Читаем И время ответит… полностью

Не знаю, продолжались ли их сексуальные отношения в лагере… Дима, во всяком случае, говорил, что их нет, да скорее всего и не было, но не мог устоять, чтобы не похвастаться своей «властью» над Колей. Он третировал его постоянно, зло высмеивая, требуя вещей самых невероятных и несуразных, и принимал раболепное преклонение, как должное…

Когда Дима наконец уехал, Коля несколько дней, небритый и немытый, неподвижно сидел в углу барака, не выходил на работу и чуть не угодил в КУР. Мы, как могли, покрывали его отсутствие в чертёжной.

…Но время лечит. Постепенно он снова втянулся в однообразную лагерную жизнь. Помню, как получив первое и единственное письмо от Димы, он смеялся от радости, сиял, весь исходил лучами счастья…

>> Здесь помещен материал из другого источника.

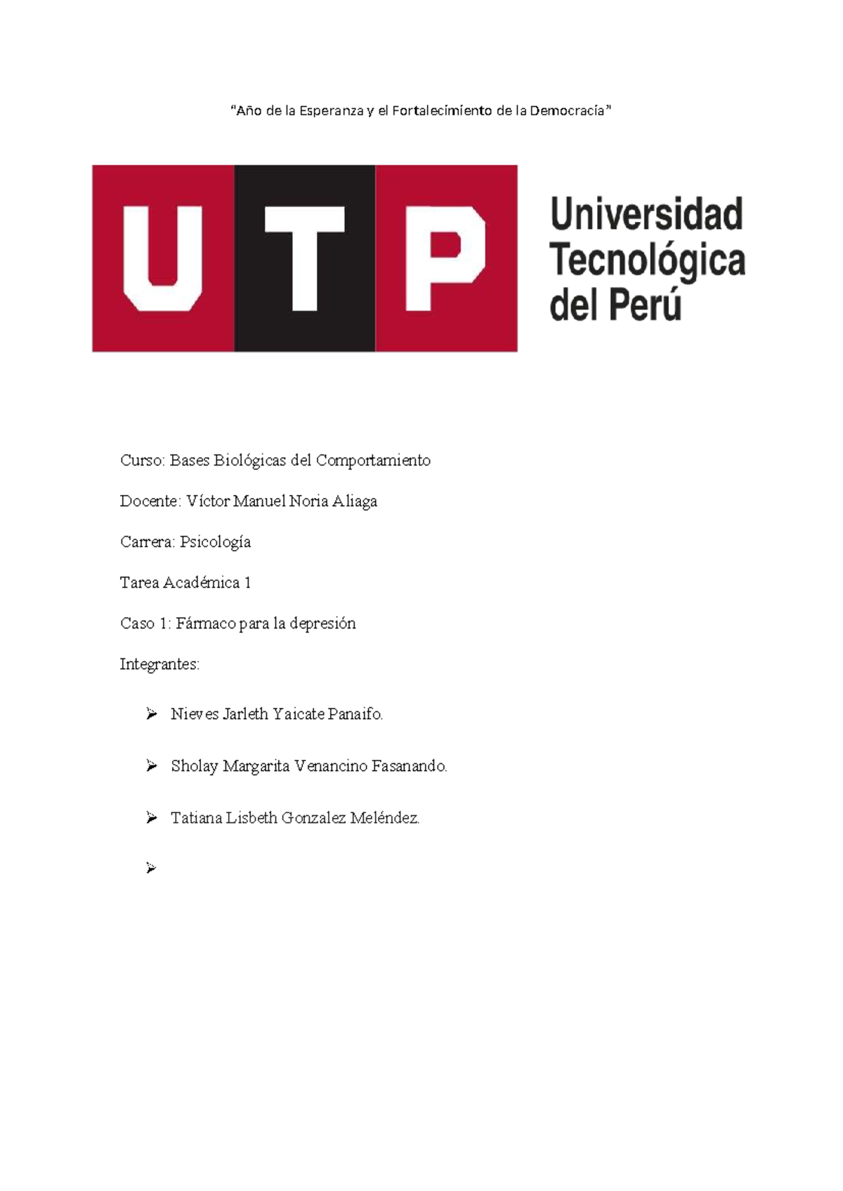 Tarea Académica 1: Fármaco para la Depresión - Bases Biológicas del ...

Во всём остальном, кроме этой «роковой» любви к Диме, он был вполне нормальным человеком — хорошим чертёжником и художником — оформителем интерьеров наших гидрографических судов, любил поэзию, был неплохим чтецом и актёром. Коля в роли Незнамова трогал меня больше, чем Незнамовы, которых мне случалось видеть на сценах профессиональных театров… Был он хорошим и честным товарищем, если только не ущемлялись интересы его обожаемого Димы.

Итак, после долгих репетиций, в конце концов, нам удалось поставить, почти по-настоящему, знаменитую пьесу Островского «Без вины виноватые».

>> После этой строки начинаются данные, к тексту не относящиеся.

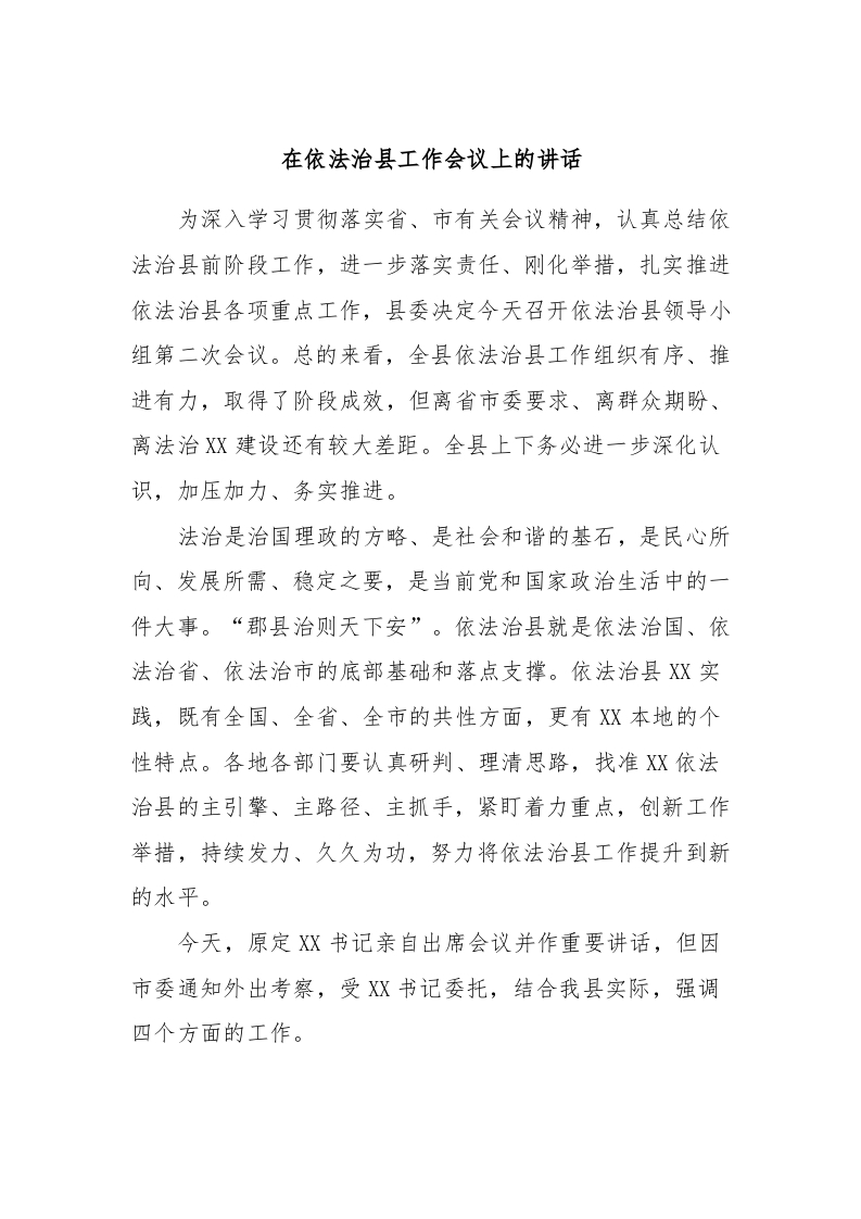 / 在依法治县工作会议上的讲话

Спектакль наш произвёл сенсацию. Мы повторяли его несколько раз, и каждый раз он проходил с неизменным успехом. Кроме наших стараний, надо ещё учитывать тему, такую трагично — близкую нам в наших условиях — ведь у многих из нас остались где-то «там» малыши, которые протягивали к нам ручонки и лепетали — «Мама!.. Мама!.».

Неизменные рыдания сопровождали знаменитый монолог Кручининой, и сама я, игравшая Кручинину — всегда кончала настоящими, не театральными слезами…

Вероятно, «сценически» это было не очень-то профессионально, но чувство до зрителя доносило.

Коля играл Незнамова. Старая баронесса, хотя и ходила чуточку сгорбясь и скособочившись, как-то плечом вперёд, играла кокетливую Коринкину.

Она всякий раз безумно волновалась, по два часа накладывала грим, и без конца спрашивала:

— Ну как, я не выгляжу старой?.

Более молодой Коринкиной мы просто не смогли найти.

…Зато у нас был великолепный Дудукин — истинный аристократ, снисходительный меценат и тонкий ценитель истинного искусства (к сожалению, не помню имени актёра).

Шмага, да и все остальные, к сожалению, оставались незначительными и бледными. Однако, в целом, спектакль производил впечатление…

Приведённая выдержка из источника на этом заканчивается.